🤖 AI Summary
Conventional neural network layers employ fixed widths, requiring manual hyperparameter tuning that lacks adaptability to varying task requirements and data complexity; moreover, width optimization for large models incurs prohibitive computational costs. Method: We propose an end-to-end learnable, unbounded-width neural layer that enables joint differentiable optimization of width and weights. Our approach introduces a soft neuron importance ranking, enabling zero-cost dynamic pruning and expansion; integrates gradient-driven joint training, importance-ranking regularization, and task-adaptive width control. Contribution/Results: Evaluated across tabular, image, text, and graph domains, our method automatically adjusts layer width to match task difficulty.
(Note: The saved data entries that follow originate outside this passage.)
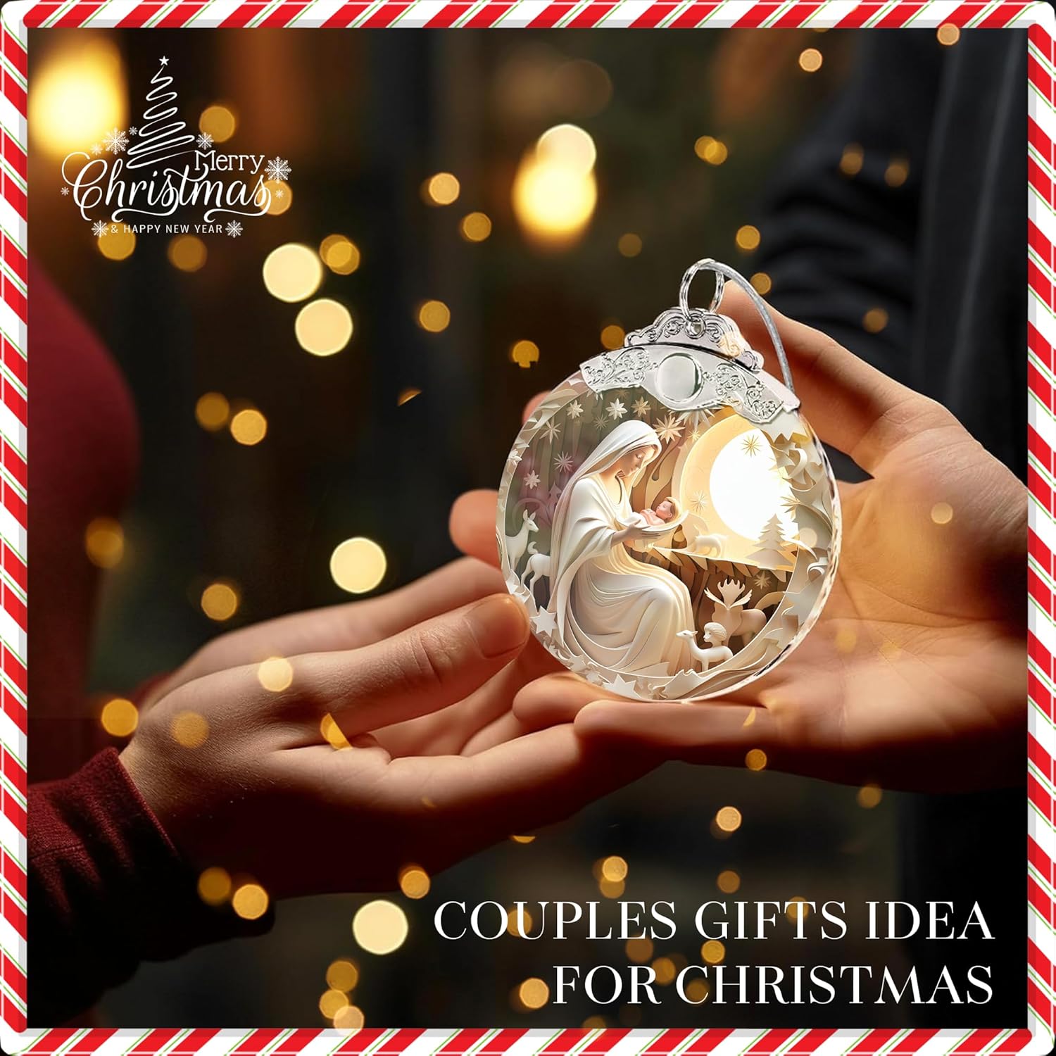 Christmas Ornament, White Nativity Design, Religious Christmas Ornament, Hanging Ornament, Acrylic, 2023, 4 INCH, for Holiday Party
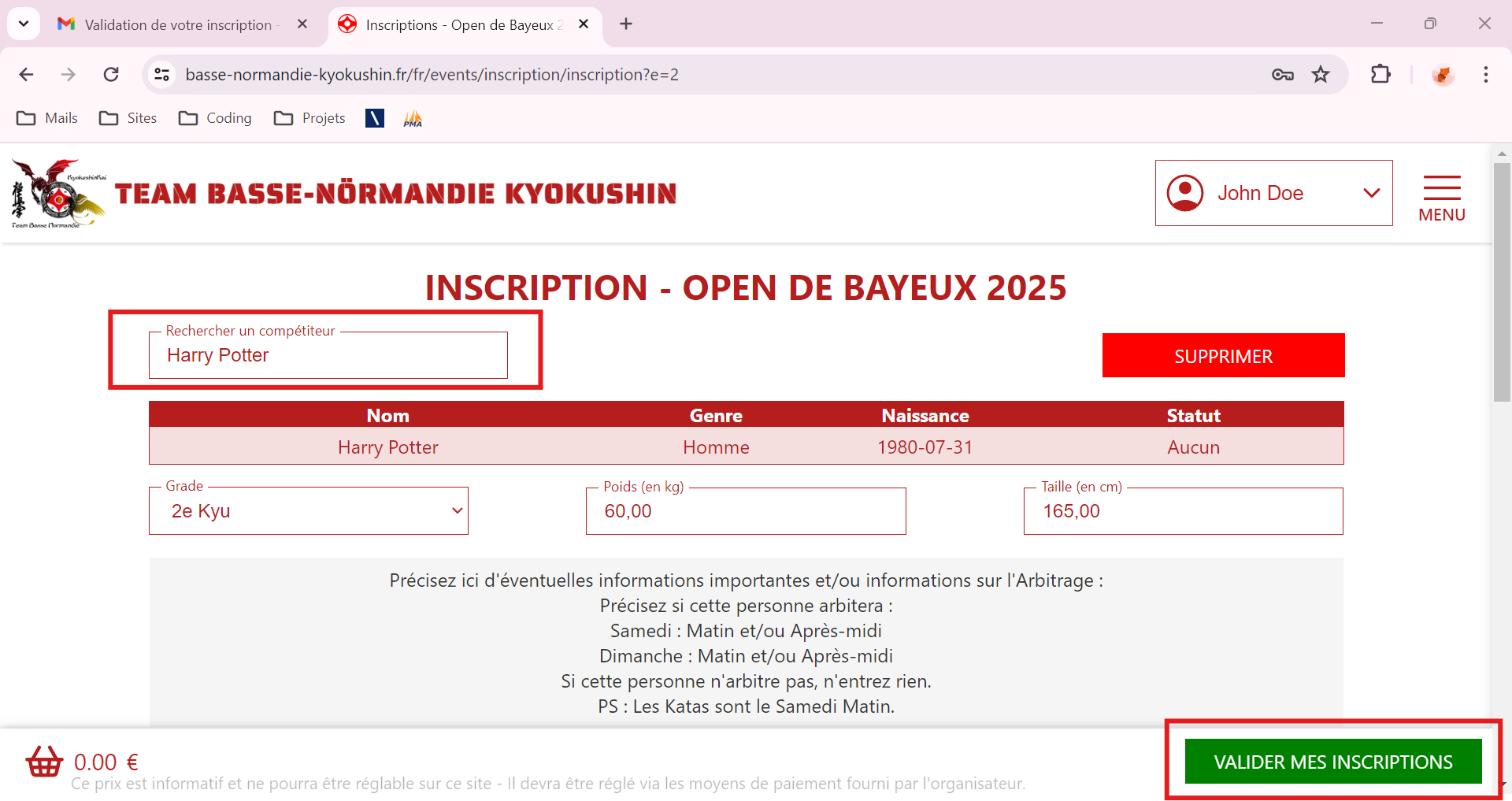 • Vous arrivez sur la page d'inscription à l'Open de Bayeux, sélectionnez votre compétiteur via "Rechercher un Compétiteur" puis sélectionnez les catégories, etc., puis cliquez sur "Valider mes inscriptions" :
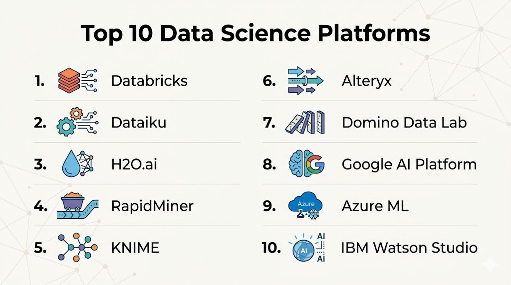 Data science platforms streamline analytics, machine learning, and AI workflows, enabling organizations to extract actionable insights from data efficiently. Small teams can leverage H2O.ai or KNIME for cost-effective and flexible modeling. SMBs may adopt RapidMiner, Alteryx, or Dataiku for collaborative workflows. Mid-market organizations benefit from Databricks or Domino Data Lab, offering scalable analytics, reproducibility, and MLOps capabilities. Enterprises with global-scale requirements can leverage Google AI Platform, Azure ML, or IBM Watson Studio for fully managed, secure, and compliant ML workflows. Choosing the right platform involves evaluating features, ease of use, scalability, integrations, security, and cost. Pilot testing with key data workflows ensures that selected platforms meet both technical and business requirements, enabling organizations to maximize the value of their data and models.
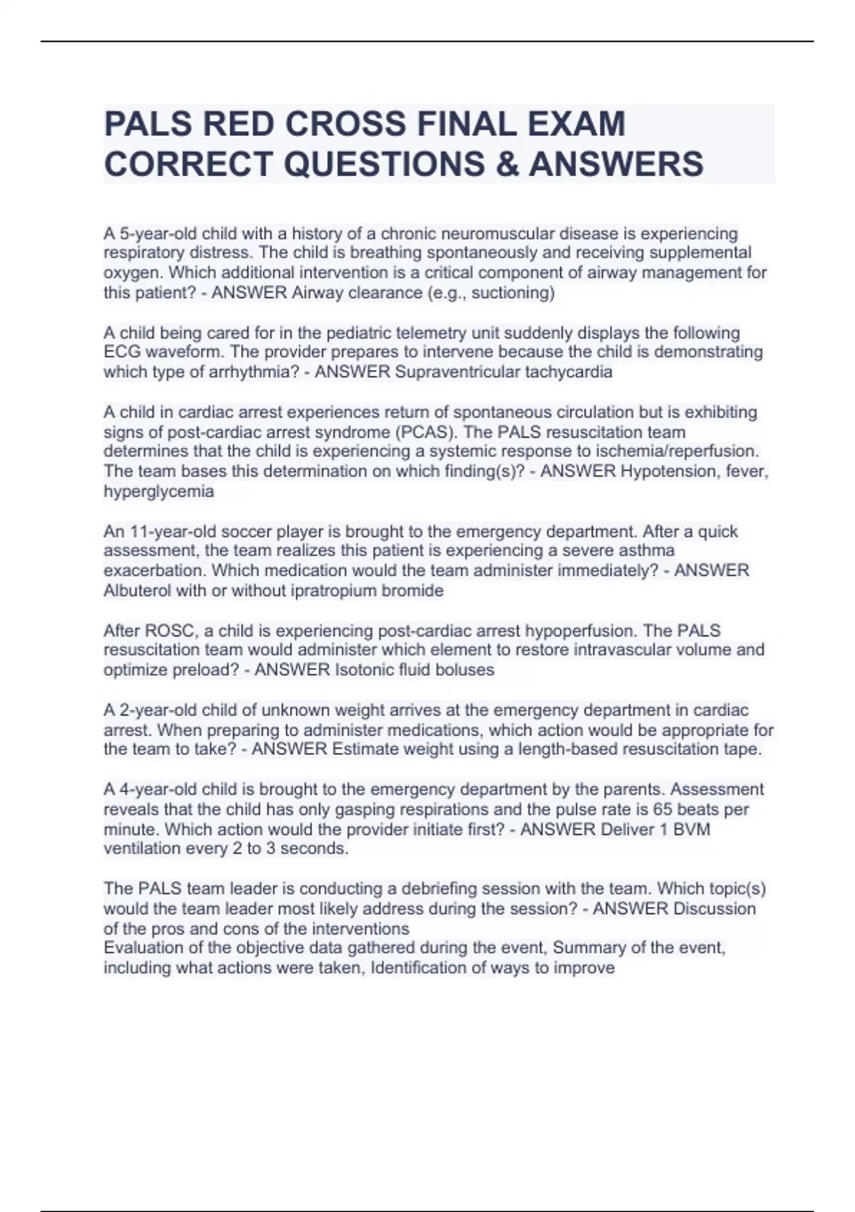 PALS RED CROSS FINAL EXAM CORRECT QUESTIONS & ANSWERS EXAM BUNDLEVPALS RED CROSS FINAL EXAM CORRECT QUESTIONS & ANSWERS EXAM BUNDLEPALS RED CROSS FINAL EXAM CORRECT QUESTIONS & ANSWERS EXAM BUNDLEPALS RED CROSS FINAL EXAM CORRECT QUESTIONS & ANSWERS EXAM BUNDLE

It eliminates manual width tuning overhead while achieving lossless compression—maintaining original accuracy despite significant width reduction—thus jointly optimizing model performance and computational efficiency.
📝 Abstract
For almost 70 years, researchers have mostly relied on hyper-parameter tuning to pick the width of neural networks' layers out of many possible choices. This paper challenges the status quo by introducing an easy-to-use technique to learn an unbounded width of a neural network's layer during training. The technique does not rely on alternate optimization nor hand-crafted gradient heuristics; rather, it jointly optimizes the width and the parameters of each layer via simple backpropagation. We apply the technique to a broad range of data domains such as tables, images, texts, and graphs, showing how the width adapts to the task's difficulty. By imposing a soft ordering of importance among neurons, it is possible to truncate the trained network at virtually zero cost, achieving a smooth trade-off between performance and compute resources in a structured way. Alternatively, one can dynamically compress the network with no performance degradation. In light of recent foundation models trained on large datasets, believed to require billions of parameters and where hyper-parameter tuning is unfeasible due to huge training costs, our approach stands as a viable alternative for width learning.